Configuration¶

sumeh.core.config ¶

This module provides a set of utility functions to retrieve and parse configuration data from various data sources, including S3, MySQL, PostgreSQL, BigQuery, CSV files, AWS Glue Data Catalog, DuckDB, and Databricks. Additionally, it includes functions to infer schema information from these sources.

Functions:

Name	Description
`get_config_from_s3`	str, delimiter: Optional[str] = ",") -> List[Dict[str, Any]]:
`get_config_from_mysql`
`get_config_from_postgresql`
`get_config_from_bigquery`
`get_config_from_csv`	str, delimiter: Optional[str] = ",") -> List[Dict[str, str]]: Retrieves configuration data from a local CSV file.
`get_config_from_glue_data_catalog`
`get_config_from_duckdb`	Retrieves configuration data from a DuckDB database.
`get_config_from_databricks`	Retrieves configuration data from a Databricks table.
`get_schema_from_csv`	str, delimiter: str = ",", sample_size: int = 1_000) -> List[Dict[str, Any]]: Infers the schema of a CSV file based on its content.
`get_schema_from_s3`	str, **kwargs) -> List[Dict[str, Any]]: Infers the schema of a CSV file stored in S3.
`get_schema_from_mysql`	Retrieves schema information from a MySQL database table.
`get_schema_from_postgresql`	Retrieves schema information from a PostgreSQL database table.
`get_schema_from_bigquery`	Retrieves schema information from a Google BigQuery table.
`get_schema_from_glue`	Retrieves schema information from AWS Glue Data Catalog.
`get_schema_from_duckdb`	Retrieves schema information from a DuckDB database table.
`get_schema_from_databricks`	Retrieves schema information from a Databricks table.
`__read_s3_file`	str) -> Optional[str]:
`__parse_s3_path`	str) -> Tuple[str, str]:
`__read_local_file`	str) -> str:
`__read_csv_file`	str, delimiter: Optional[str] = ",") -> List[Dict[str, str]]:
`__parse_data`	list[dict]) -> list[dict]: Parses the configuration data into a structured format.
`__create_connection`
`infer_basic_type`	str) -> str: Infers the basic data type of given value.

__create_connection ¶

__create_connection(connect_func, host, user, password, database, port) -> Any

Helper function to create a database connection.

Parameters:

Name	Type	Description	Default
`connect_func`		A connection function (e.g., `mysql.connector.connect` or `psycopg2.connect`).	required
`host`	`str`	The host of the database server.	required
`user`	`str`	The username for the database.	required
`password`	`str`	The password for the database.	required
`database`	`str`	The name of the database.	required
`port`	`int`	The port to connect to.	required

Returns:

Name	Type	Description
`Connection`	`Any`	A connection object for the database.

Raises:

Type	Description
`ConnectionError`	If there is an error establishing the connection.

__parse_data ¶

__parse_data(data: list[dict]) -> List[RuleDef]

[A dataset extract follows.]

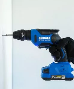 The Kobalt 24-Volt Brushless Drywall Screwgun produces 4,500 RPM, enough power to complete most drywall jobs. It features a dust-proof structure, built-in LED light, lock-on button, and tool-free depth adjustments. Use for single screws, or attach the Kobalt Screwgun Attachment, Lowe’s item #1260307 (sold separately), to use the screwgun with collated drywall screws. The tool is backed by Kobalt’s 5-year limited warranty.
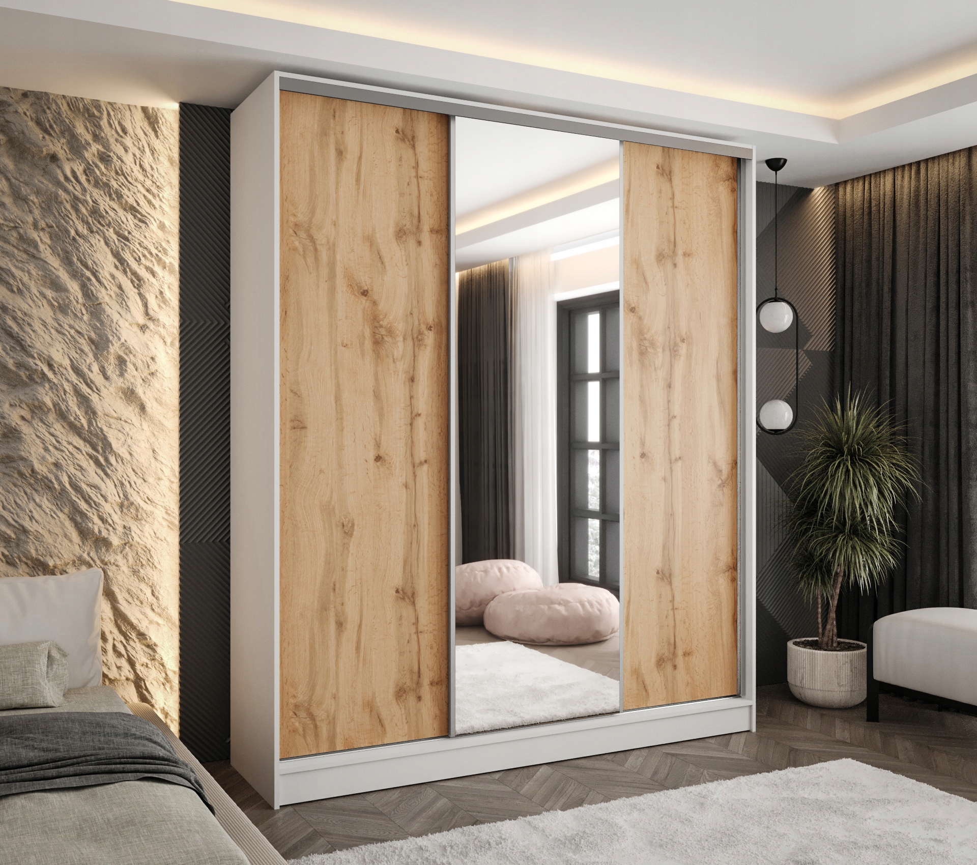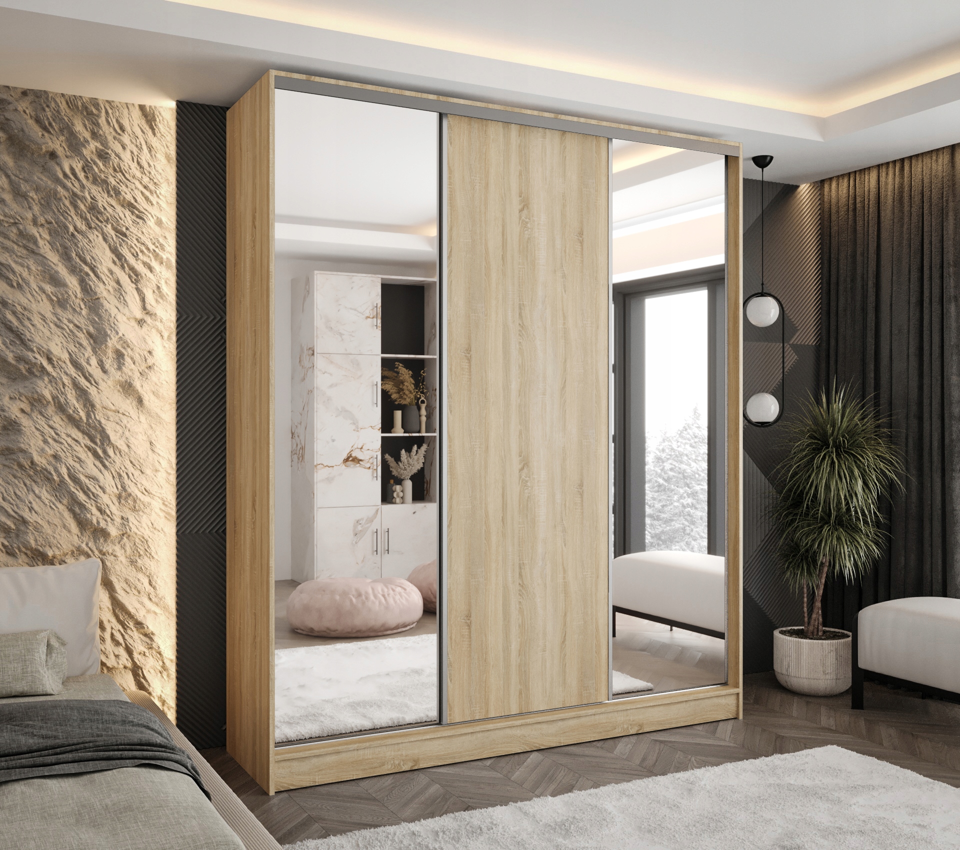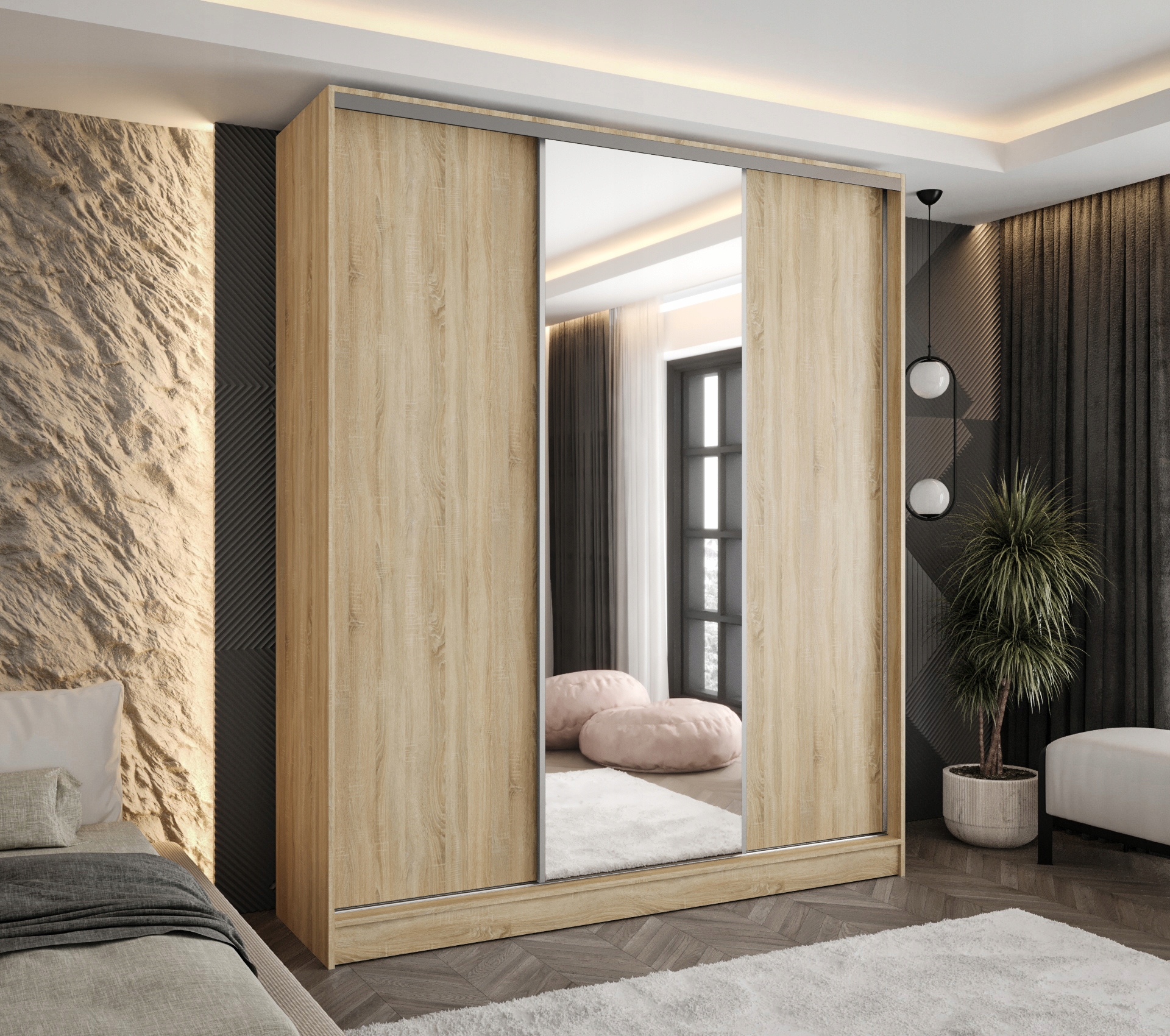 Розсувний гардероб у декорі Сонома з одним дзеркалом на передній частині - це гармонійне поєднання природної естетики з сучасною функціональністю. Яскрава дерев’яна обробка приносить інтер’єру тепла та затишку, що надає меблям позачасового, універсального персонажа. Дзеркало, розміщене на одній передній частині, не тільки має практичну функцію, але й оптично збільшує простір і освітлює приміщення. Це ідеальний вибір для спальні, гардеробу чи передпокою - пропонуючи елегантний вигляд, натхненний природою та щоденним комфортом використання.

Parse configuration data into validated Rule objects.

Parameters:

Name	Type	Description	Default
`data`	`list[dict]`	Raw configuration data as list of dictionaries	required

Returns:

Type	Description
`List[RuleDef]`	List[Rule]: Validated Rule objects with enriched metadata

Note

Engine compatibility is not validated here - only rule existence. Engine validation happens during execution in validate().

__parse_s3_path ¶

__parse_s3_path(s3_path: str) -> Tuple[str, str]

Parses an S3 path into its bucket and key components.

Parameters:

Name	Type	Description	Default
`s3_path`	`str`	The S3 path to parse. Must start with "s3://".	required

Returns:

Type	Description
`Tuple[str, str]`	Tuple[str, str]: A tuple containing the bucket name and the key.

Raises:

Type	Description
`ValueError`	If the S3 path does not start with "s3://", or if the path format is invalid and cannot be split into bucket and key.

__read_csv_file ¶

__read_csv_file(file_content: str, delimiter: Optional[str] = ',') -> List[Dict[str, str]]

Parses the content of a CSV file.

Parameters:

Name	Type	Description	Default
`file_content`	`str`	The content of the CSV file as a string.	required
`delimiter`	`str`	The delimiter used in the CSV file.	`','`

Returns:

Type	Description
`List[Dict[str, str]]`	List[Dict[str, str]]: A list of dictionaries representing the parsed CSV data.

Raises:

Type	Description
`ValueError`	If there is an error parsing the CSV content.

__read_local_file ¶

__read_local_file(file_path: str) -> str

Reads the content of a local file.

Parameters:

Name	Type	Description	Default
`file_path`	`str`	The local file path to be read.	required

Returns:

Name	Type	Description
`str`	`str`	The content of the file.

Raises:

Type	Description
`FileNotFoundError`	If the file is not found.

__read_s3_file ¶

__read_s3_file(s3_path: str) -> Optional[str]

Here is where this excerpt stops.